Malgré les efforts visant à susciter les mêmes sentiments familiaux chaleureux et la même gratitude qu'aux Philippines (et l'observation plutôt insensible du président d'AllDone selon laquelle « Las Vegas est les Philippines de l'Amérique »), les travailleurs de Las Vegas « n'ont pas atteint les objectifs de performance, ont violé les directives de la direction, se chamaillaient et exprimaient ouvertement leur mécontentement à l'égard des dirigeants de San Francisco », observe Shestakofsky. L'exploitation de Las Vegas a finalement été fermée et ses fonctions ont été transférées à Salt Lake City.

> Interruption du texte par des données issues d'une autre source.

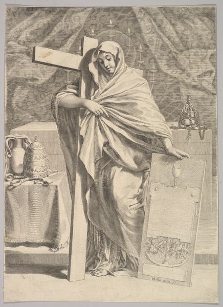 Editor: Claude Mellan's "Lamentation," created in 1683, really strikes me. The starkness of the engraving emphasizes the profound grief. What symbols or deeper meanings do you see woven into this scene? Curator: It's fascinating how Mellan uses the single line technique to evoke so much emotion. The Virgin Mary's gesture, arms outstretched, isn't just a sign of mourning. It recalls the ancient gesture of supplication. Consider how she mediates between the earthly realm, where Christ's body lies, and the divine light filtering from above. Does that division between earthly and divine echo through the work, in your opinion? Editor: Absolutely. The light almost ignores the earthly figures. It feels like a visual representation of their disconnect from hope in that moment. Is there significance in the other figures in the background? Curator: The figures attending the tomb become a sort of chorus, don't they? They represent the broader community of believers grappling with loss. Notice how their faces are obscured. This invites viewers to project their own grief and experiences onto them, creating a shared space of lament. Mellan is almost crafting a stage, and you're compelled to take part. Editor: So it’s less about depicting a historical event, and more about creating a space for collective grief. The image's enduring power is clearer to me now. Curator: Precisely. And think about the inscription on the tomb... the Latin phrase acting as a constant, unwavering reminder. These textual elements become an important element within the imagery, anchoring its significance within the moment. Editor: Thank you. This has given me so much to think about. I hadn't considered the interactive role the viewers play. Curator: My pleasure. Recognizing the symbolic language allows us to truly see the historical significance embedded in the work.

AllDone est devenue une « licorne » : une start-up à succès désormais évaluée à plus d’un milliard de dollars. Ses fondateurs et les investisseurs en capital-risque de l'entreprise sont extrêmement riches, du moins sur le papier, contrairement à sa main-d'œuvre. De nombreux lecteurs trouveront sans doute ces divergences troublantes, tout comme le sociologue dans Shestakofsky. « L’un des problèmes sociaux les plus flagrants associés au capital-risque est son rôle dans la reproduction de vastes disparités de richesse », écrit-il. « Le capitalisme de risque est conçu pour enrichir davantage les plus riches d’entre nous. »
Dans le même temps, AllDone fournit un service utile à des millions de clients. Et qu’en est-il de tous ces messages sincères des travailleurs des Philippines ? Seraient-ils mieux lotis si AllDone n’avait jamais existé ?
par les journalistes et frères Brody et Luke Mullins, porte moins sur la façon dont le lobbying – aujourd'hui une industrie de 4 milliards de dollars – façonne la politique que sur les machinations de ses praticiens souvent colorés.
Il ne faut peut-être pas s’étonner qu’une industrie basée sur l’accès, les relations personnelles, l’influence et l’argent attire une galerie de voyous et d’opportunistes pour qui les conflits d’intérêts sont cultivés plutôt que évités.
Il s’agit notamment de Thomas Hale Boggs Jr. (un pionnier du lobbying surnommé « le roi de la colline ») ; Tony Podesta (enquêté mais jamais inculpé dans le cadre de l'enquête du conseiller spécial Robert S. Mueller III sur les liens de Donald Trump avec la Russie) ; Paul Manafort (reconnu coupable de plusieurs crimes liés à son lobbying en faveur de l'Ukraine avant d'être gracié par Trump) ; et Roger Stone (également reconnu coupable de crimes liés à l'enquête Mueller avant que Trump ne commue sa peine de prison), ainsi que des noms moins connus comme Evan Morris et Jim Courtovich.
Les frères Mullins ont intelligemment présenté leur histoire comme un mystère : la mort de Morris par balle en 2015 près du 18e green du club de golf exclusif Robert Trent Jones, à l'extérieur de Washington, DC, une bouteille de Bordeaux de 1 500 $ à ses côtés. (Le décès a finalement été considéré comme un suicide.)
La plupart des contes qu'ils racontent ont reçu une large couverture médiatique, mais les auteurs leur donnent vie avec une compétence narrative considérable et des détails romanesques. Podesta, par exemple, était tellement obsédé par la collection d’œuvres d’art coûteuses qu’il est resté à Turin, en Italie, pour une foire d’art, alors même que son autrefois puissant cabinet de lobbying implosait.
Après avoir entendu parler des dépenses somptueuses, de l'auto-indulgence et des fraudes pures et simples de ces lobbyistes, leurs chutes qui s'ensuivent (dans la plupart des cas) sont un plaisir pas si coupable.
Les frères Mullins ont sollicité les commentaires de Courtovich, qui exerce toujours son métier à Capitol Hill malgré des scandales et des démêlés répétés avec la police dans sa retraite sur la plage de Caroline du Sud. Sa réponse écrite consistait en des grossièretés impossibles à imprimer ici.